Only one thing is required: the number of lines in the entries below that contain "from".

[Dataset excerpts]
****************************************

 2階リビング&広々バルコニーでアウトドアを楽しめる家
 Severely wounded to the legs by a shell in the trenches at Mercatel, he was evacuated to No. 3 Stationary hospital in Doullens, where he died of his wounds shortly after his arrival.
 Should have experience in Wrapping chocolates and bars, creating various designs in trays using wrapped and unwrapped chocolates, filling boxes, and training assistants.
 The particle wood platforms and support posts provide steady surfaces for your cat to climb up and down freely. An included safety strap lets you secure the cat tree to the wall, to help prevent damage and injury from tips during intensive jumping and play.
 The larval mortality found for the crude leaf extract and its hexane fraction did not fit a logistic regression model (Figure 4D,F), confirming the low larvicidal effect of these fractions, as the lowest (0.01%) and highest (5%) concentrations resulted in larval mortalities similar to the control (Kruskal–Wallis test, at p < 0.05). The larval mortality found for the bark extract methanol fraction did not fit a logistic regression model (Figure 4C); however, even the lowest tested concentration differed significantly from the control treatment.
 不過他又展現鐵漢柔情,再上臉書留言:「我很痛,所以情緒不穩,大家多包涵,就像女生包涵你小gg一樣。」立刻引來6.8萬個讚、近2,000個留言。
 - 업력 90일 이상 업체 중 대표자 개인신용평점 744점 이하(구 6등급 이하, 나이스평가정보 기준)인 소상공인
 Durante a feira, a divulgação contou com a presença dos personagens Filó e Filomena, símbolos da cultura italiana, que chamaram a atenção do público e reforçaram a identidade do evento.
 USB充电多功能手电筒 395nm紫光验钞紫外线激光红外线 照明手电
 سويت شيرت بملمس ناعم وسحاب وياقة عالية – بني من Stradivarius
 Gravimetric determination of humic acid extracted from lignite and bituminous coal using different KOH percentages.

****************************************

◆ Solution to this exercise: 3